I have been doing pretty good with algebra lately, but I have stumbled upon a problem I can't seem to wrap myself around.

1) \(\displaystyle \dfrac{a}{b^3-1}-\dfrac{b}{a^3-1}=?,\) IF \(\displaystyle a+b=1\)

Another path:

\(\displaystyle \dfrac{a}{b^3-1}-\dfrac{b}{a^3-1}\)

\(\displaystyle = \ \dfrac{a}{(b-1)(b^2+b+1)}-\dfrac{b}{(a-1)(a^2+a+1)}\)

\(\displaystyle = \ \dfrac{-1}{b^2+b+1}-\dfrac{-1}{a^2+a+1}\)

\(\displaystyle = \ (-1)\left [\dfrac{a^2 - b^2 + a - b}{(b^2+b+1)(a^2+a+1)}\right ]\)

\(\displaystyle = \ \dfrac{2(b - a)}{(b^2+b+1)(a^2+a+1)}\)

expanding denominator

\(\displaystyle = \ \dfrac{2(b - a)}{a^2b^2+b^2 + a^2 + 2ab + a + b + 1}\)

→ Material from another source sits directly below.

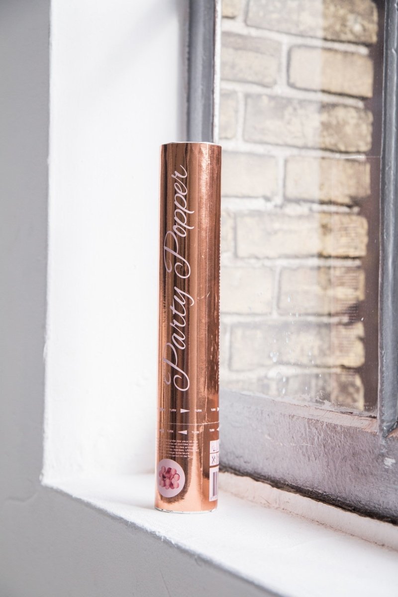 Konfettikanone Rose Gold - 28cm. Inhalt: 1 Konfettikanone. Farbe: Roségold. Zum Beispiel zur Verwendung bei folgenden Anlässen: Geburtstag, Kinderfest oder Jubiläum. Der Artikel ist 28 cm lang. Das Konfetti ist aus Folie hergestellt.

\(\displaystyle = \ \dfrac{2(b - a)}{(a^2b^2+3)}\)


I don't see anymore useful reduction....

 

[Deleted member 4993]

Sure there is; this is "smaller":
2(a-b)/(a^2b^2+3)

But that is longer (1.25" vs. 1.5") - I measured with a vernier caliper.....

 

[mathwannabe]

But that is longer (1.25" vs. 1.5") - I measured with a vernier caliper.....

Lo ho hol